I Saw the Light
Tom Hiddleston shines in the role of Hank Williams, but the film just doesn’t sing
I Saw the Light (2016)
Directed by Marc Abraham
Cast: Tom Hiddleston, Elizabeth Olsen
The life of country-western singer Hank Williams would seem to be the very essense of dramatic biography fodder: famous by 23, dead by 29, elevated to iconic status after his premature passing from drugs, alcohol and automotive mishap. And yet, the tumultuous rise and fall of the short-lived musician eludes capture in the rote musical biopic I Saw the Light.
The film stars beloved British boyfriend Tom Hiddleston, best known for his role as Loki in the Marvel Comics adaptations. It co-stars Elizabeth Olsen, best known for her role as Scarlet Witch in the Marvel Comics adaptations. (Pure coincidence. Pretty soon, everyone in Hollywood will have a role in some superhero movie or another.) As anyone who’s dug into the actors’ smaller roles (Midnight in Paris or Only Lovers Left Alive for Hiddleston, Martha Marcy May Marlene or Kill Your Darlings for Olsen), this is looking like a solid starting point. Hiddleston and Olsen are as good as can and should be expected. The two are easily the best thing going in this film. Unfortunately, their passion and effort is not matched by certain other members of the crew who will not remain nameless. I Saw the Light is written and directed by Marc Abraham, a prolific Hollywood producer stepping behind the camera for only the second time. Abraham’s only other directing effort was the similarly dull 2008 biopic Flash of Genius, starring Greg Kinnear ... as Robert Kearns ... you know, the guy who invented intermittent windshield wipers. Steven Spielberg and Tom Hanks couldn’t have made that story interesting.

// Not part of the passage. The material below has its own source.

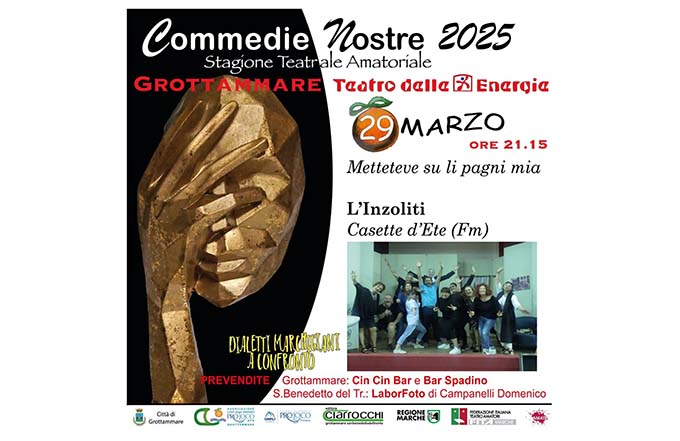 GROTTAMMARE – Sabato 29 marzo alle ore 21.15 al Teatro delle Energie di Grottammare, va in scena il sesto appuntamento della fortunata Rassegna di teatro dialettale amatoriale “Commedie Nostre” con “Mettetevi su li pagni mia” di Angelo Cippitelli e Paolo Felici, interpretata dalla Compagnia Teatrale “L’Inzoliti” di Casette d’Ete con la regia di Giorgio Rossi. La trama: siamo a metà degli anni ’90, dove Giuseppe Fucetti è un imprenditore calzaturiero di origine contadina vecchio stampo, sempre intento a cercare di far quadrare i conti familiari, prendendosela con i figli un pò scansafatiche e la moglie, perché, a loro modo, troppo spendaccioni. La sua esistenza viene sconvolta quando, per un errore diciamo, di gioventù, “deve” far sposare presto sua figlia con il fidanzato, per non far fare delle chiacchiere a tutto il paese, trovandosi suo malgrado, a scendere a compromesso e a dover spendere parecchi soldi. Ma per amore dei figli, si sa, tutto si fa. Poi arriva il giorno del matrimonio dove… ne vedremo delle belle! Una commedia sicuramente divertente visto il curriculum della compagnia elpidiense e soprattutto ricordando la simpatica commedia dell’anno scorso. Questi gli interpreti: Giorgio Rossi, Gessica Parrucci, Benedetta Betti, Massimo Vita, Francesco Viti, Laura Eusebi, Michele Berdini, Francesca Gallucci, Luca Tidei, Vittorio Pagliaretta, Alessia Lattanzi, Benedetta Iacchelli e Marianna Iacchelli. Suggeritrice Sara Malaspina, Aiuto regia Francesco Viti e Service a cura di Zoma Service di Maurizio Zocchi. A presentare la serata sarà la grottammarese madrina della rassegna Alessandra Mora, mentre il siparietto poetico sarà a cura della poetessa, altrettanto grottammarese, Ermanna Zarroli. Organizzazione a cura dell’Associazione Lido degli Aranci Aps Proloco in collaborazione con l’Amministrazione Comunale. Infoline: 335 6234568. Ingresso 10 euro. Prevendite abituali al Cin Cin Bar e Bar Spadino di Grottammare e al Labor Foto di Domenico Campanelli a San Benedetto del Tronto.

In I Saw the Light screenwriter Marc Abraham lets down director Marc Abraham by providing him with a script that deftly sidesteps nearly every bit of drama in Hank Williams’ dramatic life. The story jumps right into the middle of it all with young Hank Williams (Hiddleston) getting hitched to Audrey Mae Sheppard (Olsen), a hot-blooded but somewhat less-than-talented country lass with dreams of stardom. Gone are Williams’ formative years, his rough childhood, his battle with spina bifida, his father’s eight-year absence, the bleak climate of the Great Depression, his introduction to music, his famed apprenticeship with black street performer Rufus Payne—basically everything that made Hank Williams who and what he was. I Saw the Light simply takes Hank Williams, the talented, successful stage performer, as a given.
Blithely unconcerend with questions of how and why, I Saw the Light leaves us with a handful of credibly performed Hank Williams songs and a lot of standard-issue marital discord. The charismatic Mr. Hiddleston does his best with the material at hand, shining brightest when he’s on stage. Not only does he do an admirable job of choking down his British accent, but the guy can sing. Although he doesn’t sound exactly like the distinctive singer-songwriter he’s portraying, the actor has clearly studied every tic and mannerism Williams had to offer. The result is something quite similar to what Joaquin Phoenix pulled off in 2005’s Walk the Line. In fact, I Saw the Light feels a lot like a pale carbon copy of James Mangold’s Oscar-winning biopic. Or just about any other musical biopic, for that matter. Hank gets rich and famous. He blows a lot of money. He cheats on his wife. His wife gets pregnant. They reconcile for a while. He drinks and does drugs. There’s a divorce. Then more substance abuse. In the end, he dies young—his true potential tragically unfulfilled.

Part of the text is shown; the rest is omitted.